─── Material to process

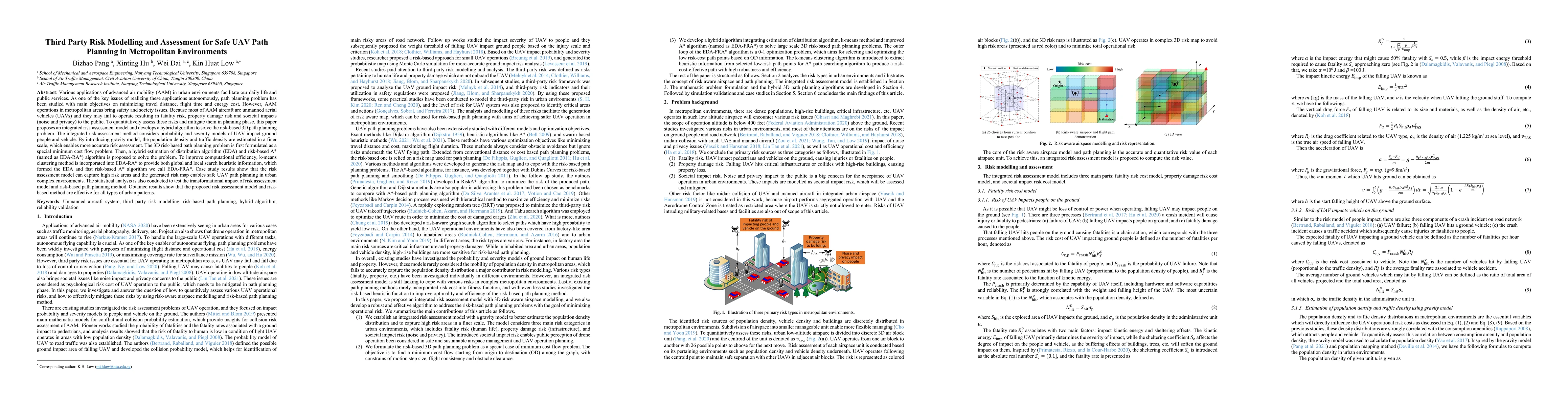 Various applications of advanced air mobility (AAM) in urban environments facilitate our daily life and public services. As one of the key issues of realizing these applications autonomously, path planning problem has been studied with main objectives on minimizing travel distance, flight time and energy cost. However, AAM operations in metropolitan areas bring safety and society issues. Because most of AAM aircraft are unmanned aerial vehicles (UAVs) and they may fail to operate resulting in fatality risk, property damage risk and societal impacts (noise and privacy) to the public. To quantitatively assess these risks and mitigate them in planning phase, this paper proposes an integrated risk assessment model and develops a hybrid algorithm to solve the risk-based 3D path planning problem. The integrated risk assessment method considers probability and severity models of UAV impact ground people and vehicle. By introducing gravity model, the population density and traffic density are estimated in a finer scale, which enables more accurate risk assessment. The 3D risk-based path planning problem is first formulated as a special minimum cost flow problem. Then, a hybrid estimation of distribution algorithm (EDA) and risk-based A* (named as EDA-RA*) algorithm is proposed to solve the problem. To improve computational efficiency, k-means clustering method is incorporated into EDA-RA* to provide both global and local search heuristic information, which formed the EDA and fast risk-based A* algorithm we call EDA-FRA*. Case study results show that the risk assessment model can capture high risk areas and the generated risk map enables safe UAV path planning in urban complex environments.
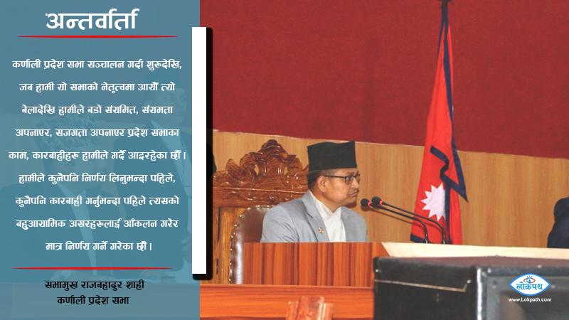 निश्चयपनि संस्थागत अनुभव नहुँदा हामीले नयाँ–नयाँ खालका परिस्थितिहरुको सामना गर्नुपर्यो । कर्णाली प्रदेश सभा सञ्चालन गर्दा शुरुदेखि, जब हामी यो सभाको नेतृत्वमा आयौँ त्यो बेलादेखि हामीले बडो संयमित, संयमता अपनाएर, सजगता अपनाएर प्रदेश सभाका काम, कारबाहीहरु हामीले गर्दै आइरहेका छौँ । हामीले कुनैपनि निर्णय लिनुभन्दा पहिले, कुनैपनि कारबाही गर्नुभन्दा पहिले त्यसको बहुआयामिक असरहरुलाई आँकलन गरेर हामीले निर्णय गर्छौं । हाम्रा परम्पराहरु, अन्तर्राष्ट्रिय परम्परा, राष्ट्रिय परम्परा, संसदीय व्यवस्थालाई अगाडी बढ्ने क्रममा स्थापित भएका परम्पराहरु के छन् त्यस विषयमा जानकारी लिएर हामीले निर्णय गर्दै आएका छौँ । त्यसो हुँदा हामीले धेरै ठूलो समस्या झेल्नुपरेको छैन ।
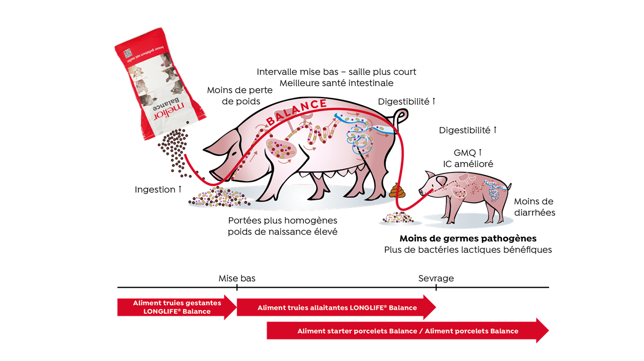 Un autre élément essentiel à la santé intestinale est un concept d'alimentation qui renforce précocement le microbiote intestinal. Si la truie reçoit des probiotiques dès la gestation, son intestin devient plus stable et elle excrète moins de germes pathogènes. Au contact de leur environnement, les porcelets absorbent des composants microbiologiques utiles dès les premières heures de vie. La colonisation de l'intestin est ainsi orientée très tôt dans la bonne direction. Un microbiote intestinal équilibré renforce la digestion, le système immunitaire et les performances. À partir de la première semaine de vie, l'apport en probiotiques doit être poursuivi via l'alimentation de démarrage afin que les porcelets continuent à développer leur stabilité et leur résistance.
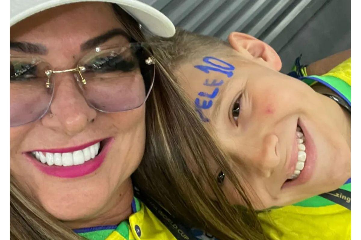 A mãe de Neymar, Nadine Gonçalves, usou as redes sociais para mostrar ela e o neto, Davi Lucca, torcendo pelo jogador na partida das quartas de final.
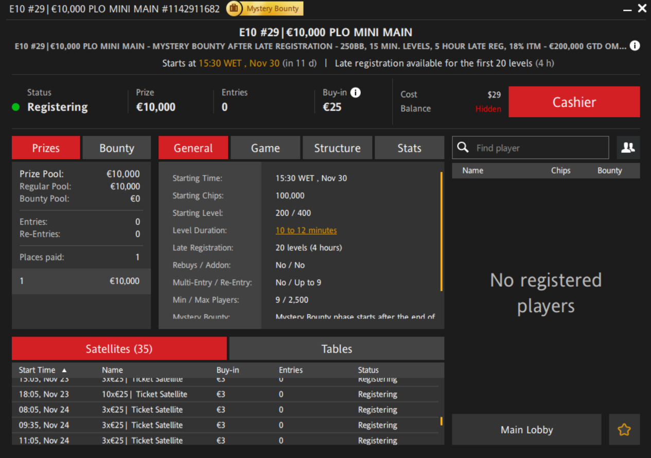 E10 #29 €10,000 PLO Mini Main с бай-ином €25
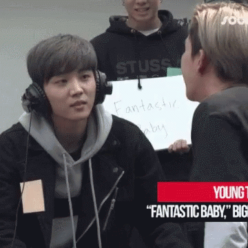 ຄຳອະທິບາຍເນື້ອຫາ: a young man wearing headphones holds a sign that says fantastic baby

──────

## What the task requires
Take the line that contains "E10 #29 €10,000 PLO Mini Main с бай-ином €25" and every line after it up to the end of the records above, and restate them exactly, without the pictures.

## Expected answer
 E10 #29 €10,000 PLO Mini Main с бай-ином €25
 ຄຳອະທິບາຍເນື້ອຫາ: a young man wearing headphones holds a sign that says fantastic baby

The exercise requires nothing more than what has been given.